*Work order:* Set down, word for word, each line from the top of the data through the line that has "韓国ファッション スウエット ワンピース 裏起毛 膝下丈 レディース ロング丈 パーカー"; omit every picture.

++++ Provided entries

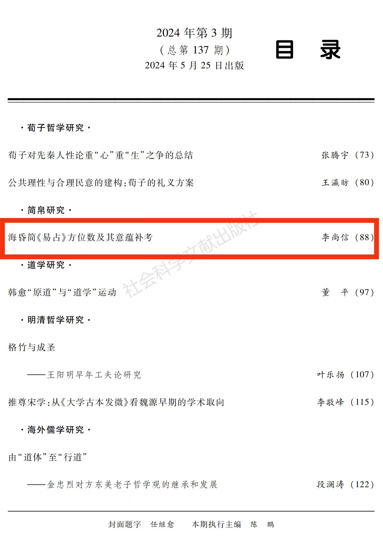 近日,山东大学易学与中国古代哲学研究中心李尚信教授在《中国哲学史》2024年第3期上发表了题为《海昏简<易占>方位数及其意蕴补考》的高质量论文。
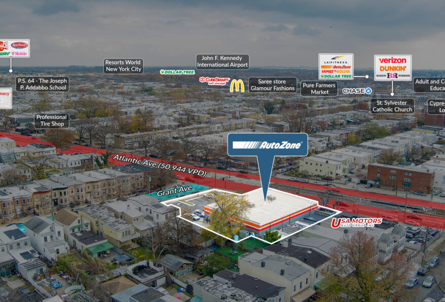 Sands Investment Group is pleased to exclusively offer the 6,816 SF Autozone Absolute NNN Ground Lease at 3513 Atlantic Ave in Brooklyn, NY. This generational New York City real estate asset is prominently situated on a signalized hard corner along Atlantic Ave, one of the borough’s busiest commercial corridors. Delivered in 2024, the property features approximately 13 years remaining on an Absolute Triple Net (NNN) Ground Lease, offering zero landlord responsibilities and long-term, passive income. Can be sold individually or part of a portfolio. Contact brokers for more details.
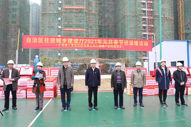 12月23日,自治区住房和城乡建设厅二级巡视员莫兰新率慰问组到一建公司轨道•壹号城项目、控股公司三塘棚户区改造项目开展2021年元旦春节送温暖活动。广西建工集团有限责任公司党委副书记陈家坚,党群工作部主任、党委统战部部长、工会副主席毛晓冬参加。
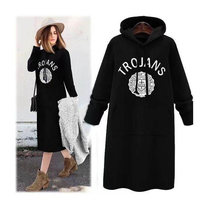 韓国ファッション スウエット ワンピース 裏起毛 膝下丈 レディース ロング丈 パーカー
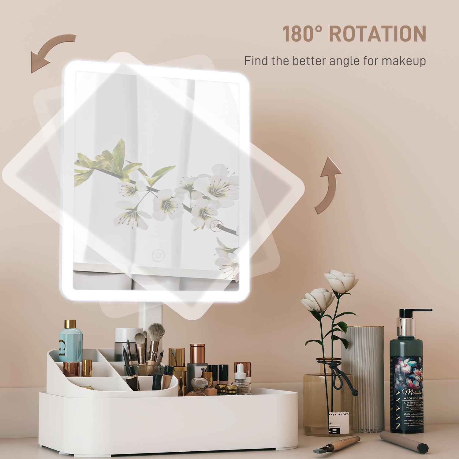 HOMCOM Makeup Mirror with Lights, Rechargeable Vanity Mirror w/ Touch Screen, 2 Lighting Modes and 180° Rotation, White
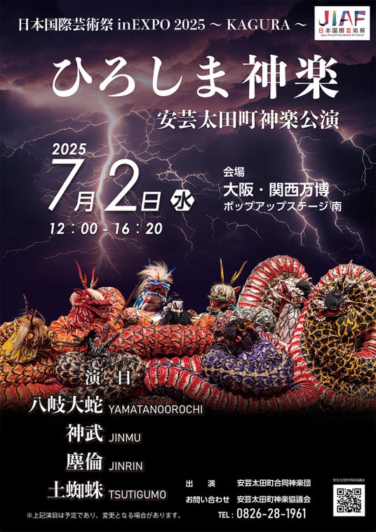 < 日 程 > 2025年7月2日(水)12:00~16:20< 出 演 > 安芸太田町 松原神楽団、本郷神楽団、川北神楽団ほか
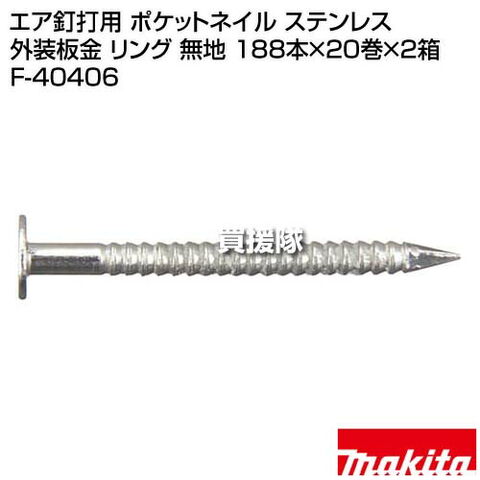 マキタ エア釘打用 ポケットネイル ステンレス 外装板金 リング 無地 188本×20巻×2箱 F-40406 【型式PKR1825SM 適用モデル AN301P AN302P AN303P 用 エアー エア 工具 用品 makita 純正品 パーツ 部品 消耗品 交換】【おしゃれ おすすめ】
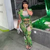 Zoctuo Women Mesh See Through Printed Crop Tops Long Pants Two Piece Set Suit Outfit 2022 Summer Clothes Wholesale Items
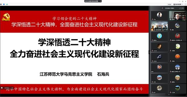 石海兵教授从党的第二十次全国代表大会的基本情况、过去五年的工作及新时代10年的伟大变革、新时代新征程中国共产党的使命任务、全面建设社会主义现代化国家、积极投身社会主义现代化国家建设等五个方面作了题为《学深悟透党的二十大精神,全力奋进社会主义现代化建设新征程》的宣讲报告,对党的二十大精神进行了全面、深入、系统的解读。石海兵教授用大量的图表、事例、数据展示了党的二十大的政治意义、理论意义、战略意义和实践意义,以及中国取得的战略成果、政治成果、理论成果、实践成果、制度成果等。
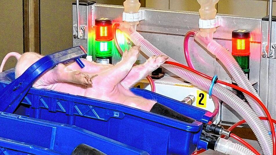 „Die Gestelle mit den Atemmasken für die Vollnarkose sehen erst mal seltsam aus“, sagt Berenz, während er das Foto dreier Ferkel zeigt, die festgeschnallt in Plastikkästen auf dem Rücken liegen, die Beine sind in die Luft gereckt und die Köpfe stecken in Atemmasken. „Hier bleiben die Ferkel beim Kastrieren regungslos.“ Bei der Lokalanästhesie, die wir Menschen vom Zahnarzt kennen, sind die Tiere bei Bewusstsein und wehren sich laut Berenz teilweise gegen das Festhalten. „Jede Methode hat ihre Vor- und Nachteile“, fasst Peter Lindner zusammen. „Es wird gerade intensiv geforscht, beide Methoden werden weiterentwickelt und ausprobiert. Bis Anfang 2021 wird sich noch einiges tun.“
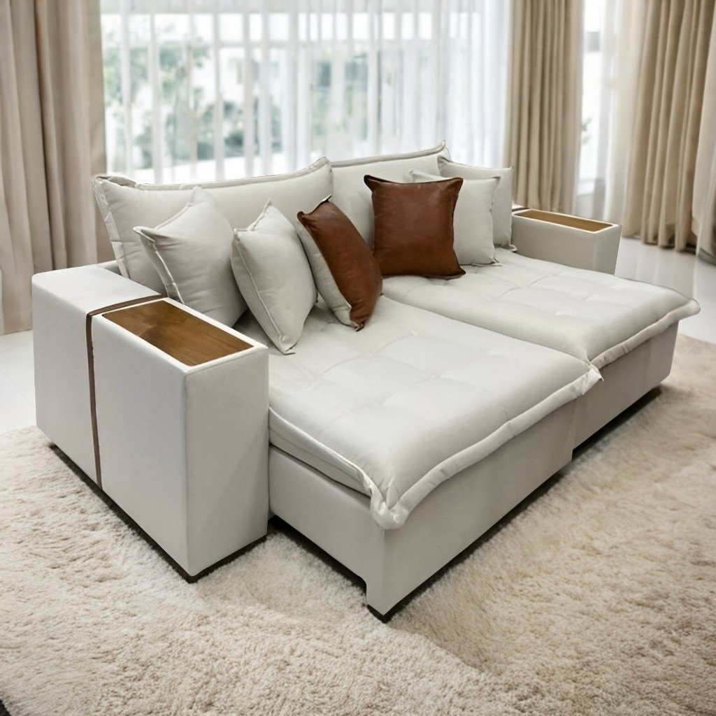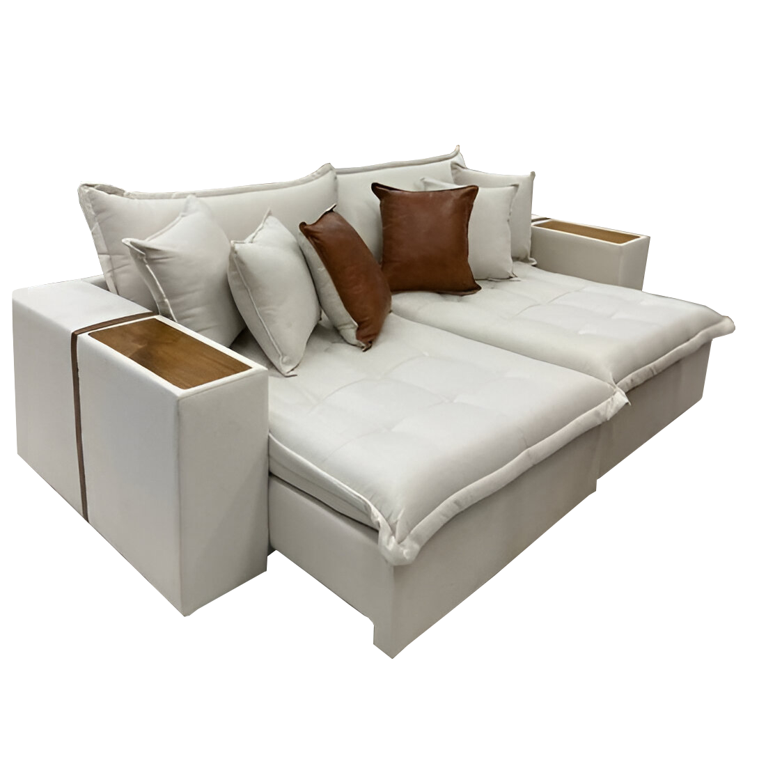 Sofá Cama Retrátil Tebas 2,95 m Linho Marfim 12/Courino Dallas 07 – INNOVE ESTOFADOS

++++++++

*Reply:*
 近日,山东大学易学与中国古代哲学研究中心李尚信教授在《中国哲学史》2024年第3期上发表了题为《海昏简<易占>方位数及其意蕴补考》的高质量论文。
 Sands Investment Group is pleased to exclusively offer the 6,816 SF Autozone Absolute NNN Ground Lease at 3513 Atlantic Ave in Brooklyn, NY. This generational New York City real estate asset is prominently situated on a signalized hard corner along Atlantic Ave, one of the borough’s busiest commercial corridors. Delivered in 2024, the property features approximately 13 years remaining on an Absolute Triple Net (NNN) Ground Lease, offering zero landlord responsibilities and long-term, passive income. Can be sold individually or part of a portfolio. Contact brokers for more details.
 12月23日,自治区住房和城乡建设厅二级巡视员莫兰新率慰问组到一建公司轨道•壹号城项目、控股公司三塘棚户区改造项目开展2021年元旦春节送温暖活动。广西建工集团有限责任公司党委副书记陈家坚,党群工作部主任、党委统战部部长、工会副主席毛晓冬参加。
 韓国ファッション スウエット ワンピース 裏起毛 膝下丈 レディース ロング丈 パーカー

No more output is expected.